“Who hasn’t played yet?”
— Joe Monarrez
St. Francis assistant during last week’s blowout
With a dominant three-touchdown performance to speak of and the likes of Notre Dame and USC personnel, including Trojans Coach Pete Carroll, there to see him put on a show, St. Francis High standout Dietrich Riley was most excited about the fact that everyone got to play.
Riley’s name has likely appeared in newspaper articles more times than some of his teammates have tallied snaps on the field.
Yet, long after he had played his final play in the Golden Knights’ 42-7 lambasting of visiting El Rancho, Riley, a two-time reigning All-Area Player of the Year who’s sought after by just about every major university, was one of the loudest cheerleaders on the St. Francis sidelines.
“I love seeing that,” Riley said after the game.
That being the second string, and third string, getting a chance under the Friday night lights (granted it was a Thursday, but you get the point).
Two quarterbacks threw passes for St. Francis against El Rancho, seven players ran the ball, eight players caught it and 22 Golden Knights made tackles.
The game served as further evidence that as much as Riley’s talent and notoriety have swelled over the seasons, his head has not followed suit.
But Thursday also served as a reminder of what happens beyond the final score and all the talk and hype of college recruits, CIF rankings and all-this and all-that accolades.
Thursday was about kids like Brian Basic and Matt Raba and Michael Dipietro.
Often times, any sport is taken for granted in terms of the work and dedication that goes into it. Practices aren’t covered. People forget about scout teams and the kids whose heart and desire doesn’t always match up with their talent and athleticism.
Some are underclassmen working their way into a future starting spot, while others simply won’t find that luxury.
They exist upon every sideline. And for that matter, in just about every sport.
Long after the stories already been penned within sportswriters’ heads, it’s their time to shine.
Much like the time and effort they put forth in practice every day, their moment under the lights is usually overlooked.
But it is during these times and during these plays when you glimpse another aspect of what is great about this game.
Every kid is happy. Every coach is smiling. And, more than likely there’s a few extra parents up in the stands with something to talk about.
Granted, this is the view from the winner’s sideline.

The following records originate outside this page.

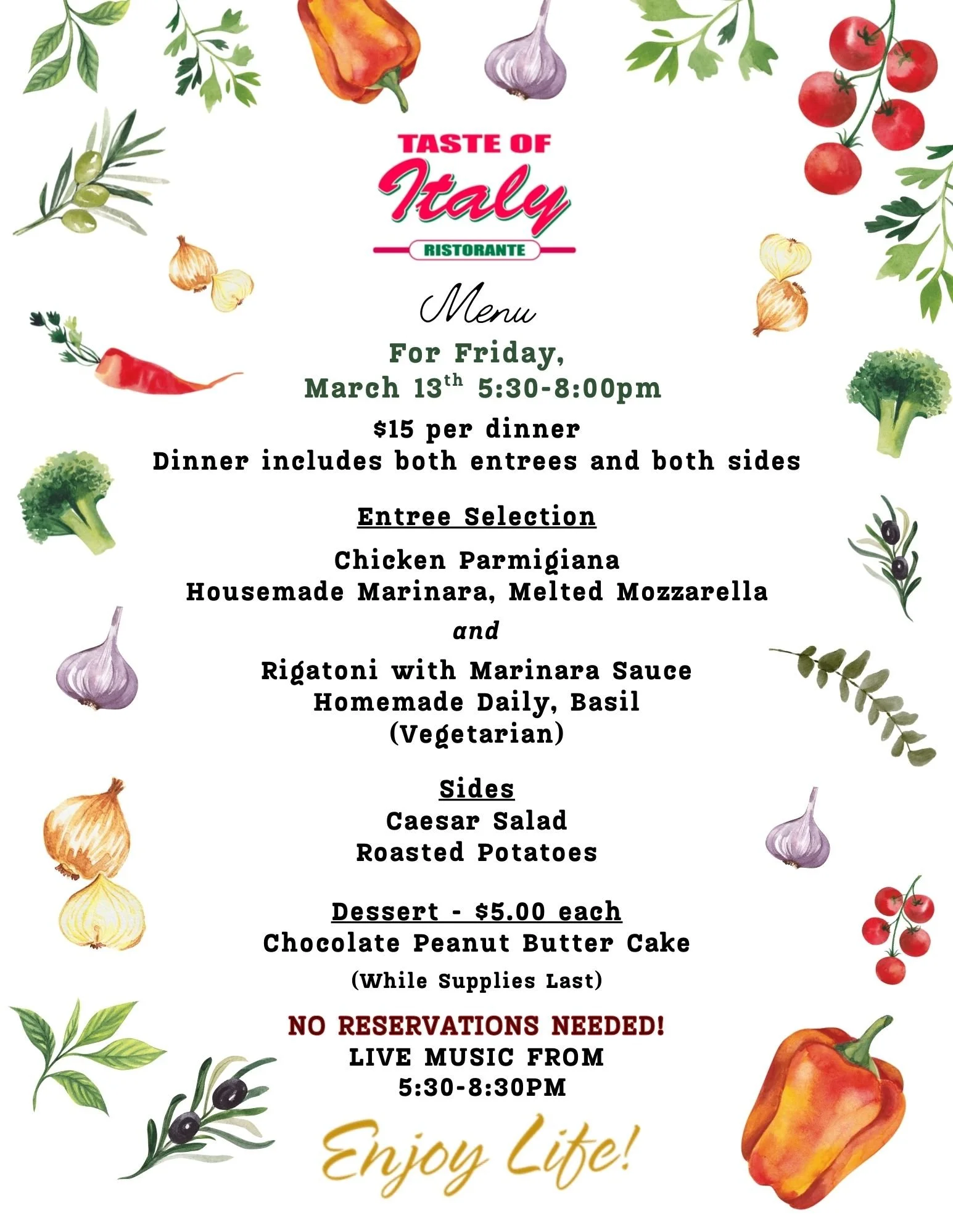Join us for Friday Night Dinner from Taste of Italy on 3/13!
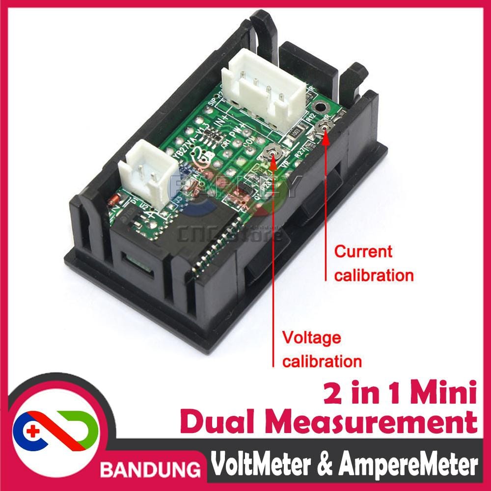 tegangan ditampilkan pada seven segmen 0.28″ atas berwarna merah. Nilai arus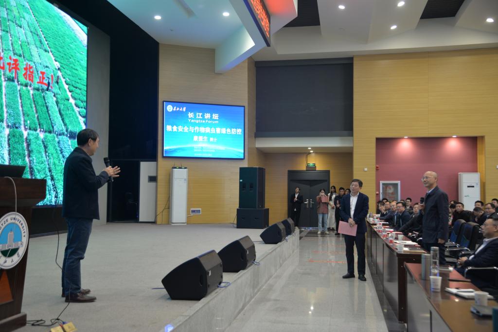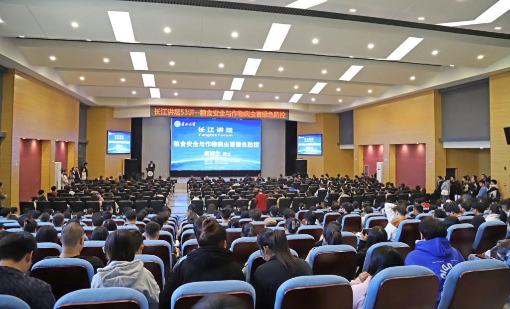 (见习记者 王研/文)11月6日上午10:00,“长江讲坛”第53讲在伟德bv1946官网西校区农科大楼1058开讲。中国工程院院士康振生为师生作了题为“粮食安全与作物病虫害绿色防控”的学术报告。董事长刘勇胜、伟德bv1946官网500余名师生聆听了报告。本次会议由副董事长江厚顺主持。

Truth be told, it was hard to feel pity for an El Rancho team that’s first and only touchdown, which made it 35-7, culminated with an emphatic spike in the end zone. That coming not long after a St. Francis defender had made a big tackle for a loss only to be shoved in the face by the ballcarrier for, apparently, doing something as egregious as making a tackle.
But, in the end, sports, like life isn’t fair.
For every kid to get playing time, there must be the opponent that is blown out. More than likely, it’s the kids who that playing time means oh so much to that empathize more than anyone.
There isn’t always a time to sugarcoat wins and losses and success and failure. But every so often, it doesn’t take a touchdown or a league championship to make a football player smile. Heck, sometimes you don’t even have to gain a yard, the mere fact that your coach called a play that ended up with the ball in your arms is reason enough to smile.
Every once in a while, the biggest highlight comes with the superstar on the sidelines and kids who never get in the paper on the field.
Take it from me, for some kids, a blowout’s the most exciting thing there is.
That’s just the way I see it, playing second string.